> _HOW TO COMPLETE THIS TASK_:
Reproduce exactly the line that contains "Qeyri-neft-qaz sektorundan vergi" and every line after it through the end of the records below, leaving out all pictures.

> _DATA EXCERPTS_:
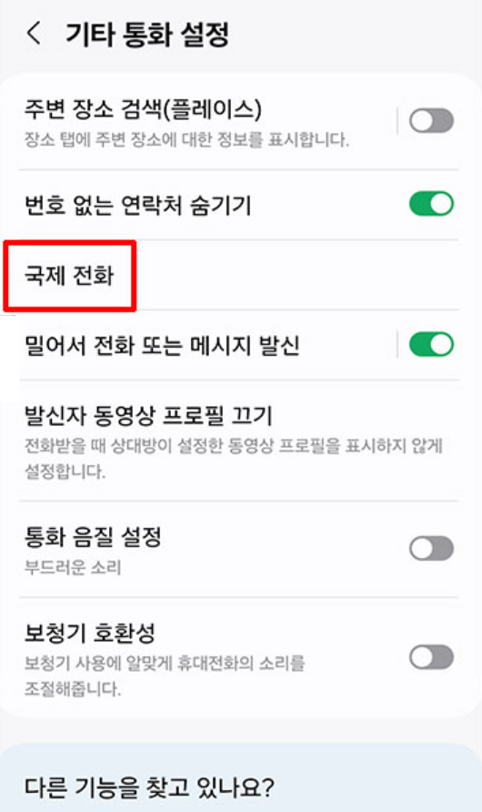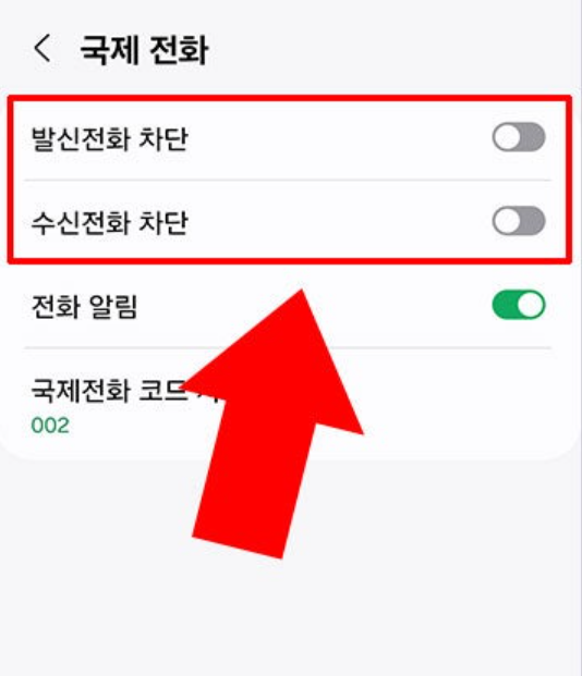 '국제 전화' 항목을 찾아 선택한 후, 수신 전화 차단 옵션을 활성화합니다. 이때 발신 차단도 함께 설정하면 더욱 안전합니다.
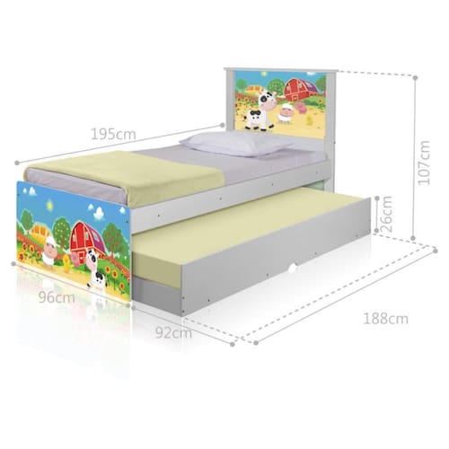A Bicama Bibox Juvenil Barcelona Adesivada Fazendinha Colorida é belíssima e conta com um design funcional, que ocupa pouco espaço no ambiente.
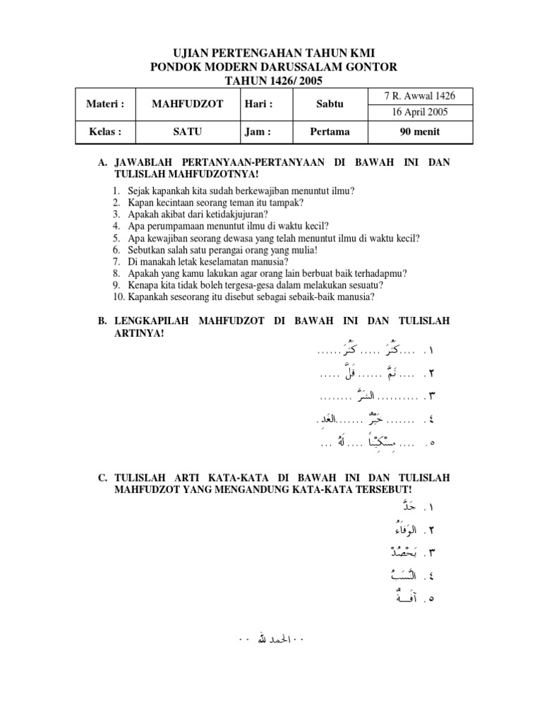Oleh admin Diposting pada 20 Januari 2021. Soal Mahfudzot kelas 1KMI semester 2 A. Oleh admin Diposting pada 20 Januari 2021.
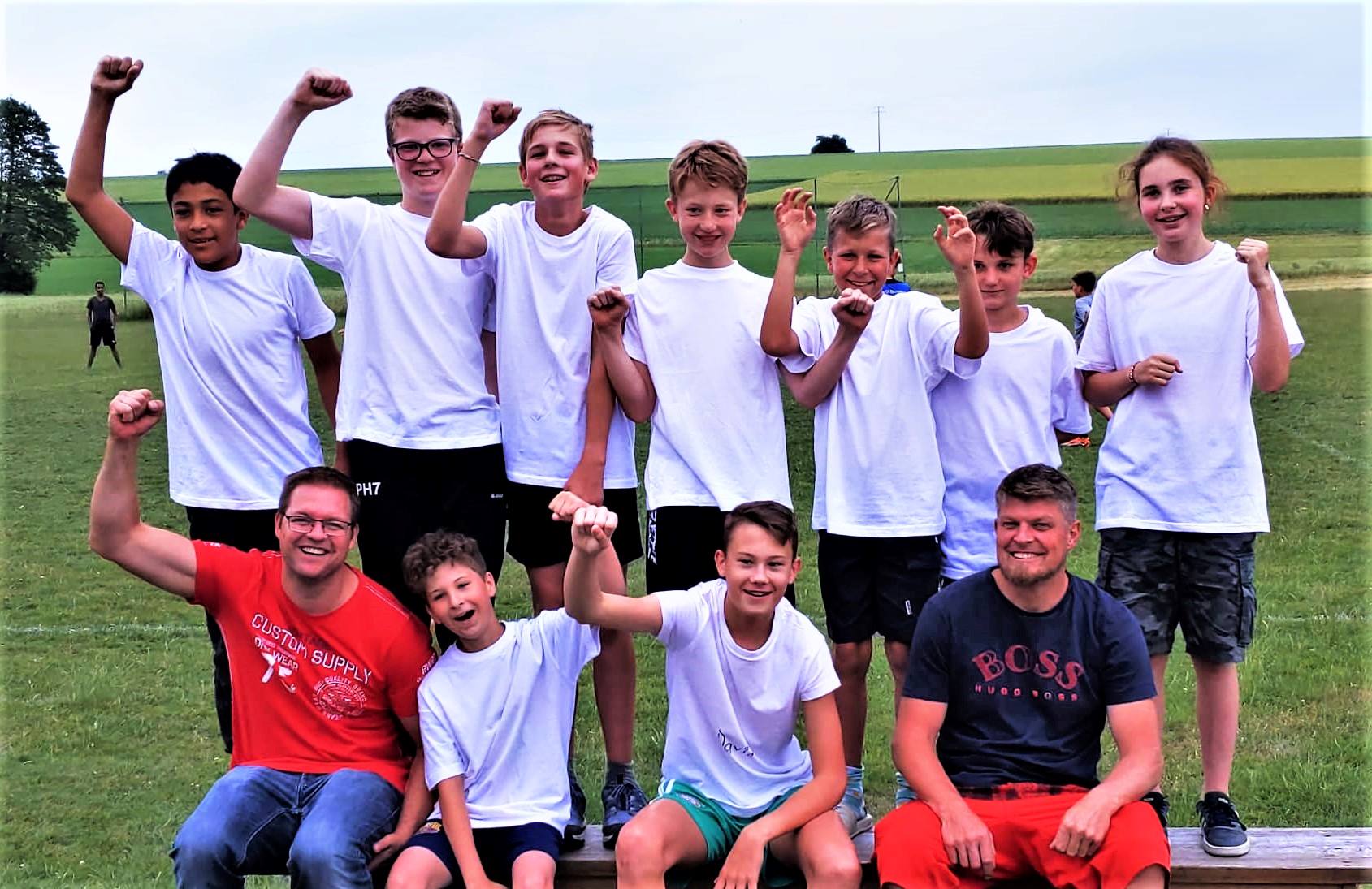 Mädels und Burschen der U13-Fußballer des SV Schonstett mit Meistertitel
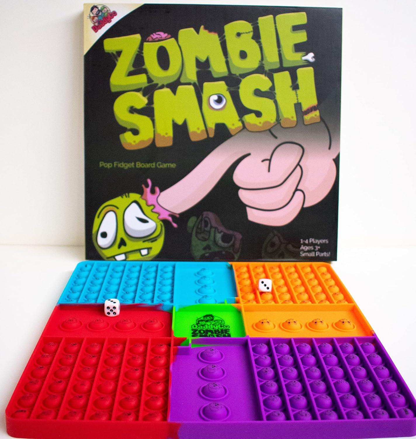 Zombie Smash was the first game created by DaddyCo Toys. This easy-to-play dice-rolling adventure game tasks each player with rolling the dice and being the first to rescue all of their pets from the zombie apocalypse.
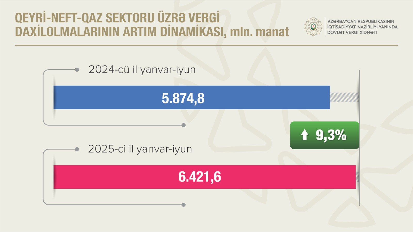 Qeyri-neft-qaz sektorundan vergi daxilolmaları 9,3 faiz artıb2025-ci ilin yanvar – iyun aylarında İqtisadiyyat Nazirliyi yanında Dövlət Vergi Xidmətinin xəttilə dövlət büdcəsinə 8 milyard 703,7 milyon manata yaxın vergi daxil olub, proqnoza 105,7 faiz əməl edilib.
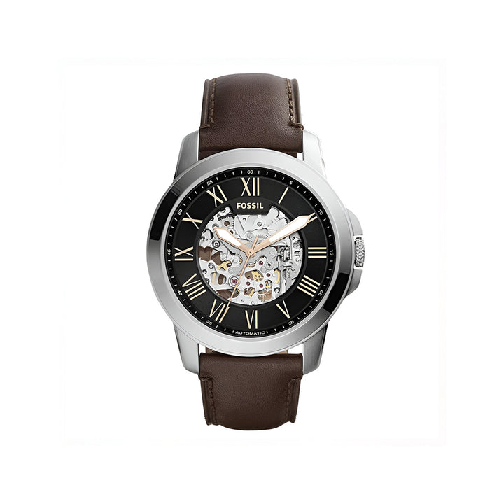 Fossil Grant Automatic Skeleton Black Dial Brown Leather Strap Watch for Men - ME3100
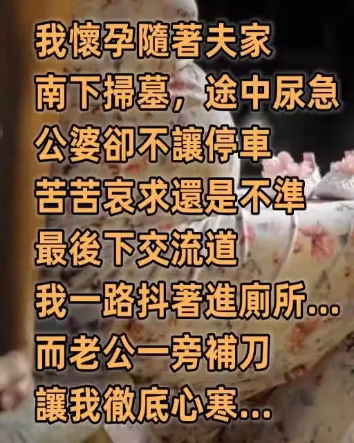 我懷孕隨著夫家南下掃墓,途中尿急公婆卻不讓停車,苦苦哀求還是不準,最後下交流道,我一路抖著進廁所…而老公一旁補刀讓我徹底心寒~
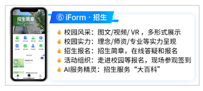 助力院校、培训机构实现VR校园展示、招生简章发布、在线报名、参观活动,AI招生助手提升咨询转化。
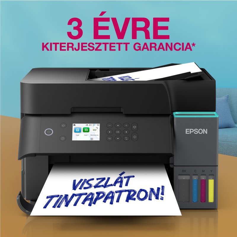 - Akár 3 évre elegendő kezdő tintacsomag A mellékelt tintákkal akár 15 100 fekete-fehér és 5500 színes oldalt nyomtathat
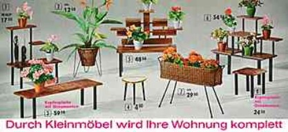 | |  | | "Durch Kleinmöbel wird Ihre Wohnung komplett" | | Zeitungsständer, Telefontisch, Lesewagen

> _RESULT OF THE TASK_:
 Qeyri-neft-qaz sektorundan vergi daxilolmaları 9,3 faiz artıb2025-ci ilin yanvar – iyun aylarında İqtisadiyyat Nazirliyi yanında Dövlət Vergi Xidmətinin xəttilə dövlət büdcəsinə 8 milyard 703,7 milyon manata yaxın vergi daxil olub, proqnoza 105,7 faiz əməl edilib.
 Fossil Grant Automatic Skeleton Black Dial Brown Leather Strap Watch for Men - ME3100
 我懷孕隨著夫家南下掃墓,途中尿急公婆卻不讓停車,苦苦哀求還是不準,最後下交流道,我一路抖著進廁所…而老公一旁補刀讓我徹底心寒~
 助力院校、培训机构实现VR校园展示、招生简章发布、在线报名、参观活动,AI招生助手提升咨询转化。
 - Akár 3 évre elegendő kezdő tintacsomag A mellékelt tintákkal akár 15 100 fekete-fehér és 5500 színes oldalt nyomtathat
 | |  | | "Durch Kleinmöbel wird Ihre Wohnung komplett" | | Zeitungsständer, Telefontisch, Lesewagen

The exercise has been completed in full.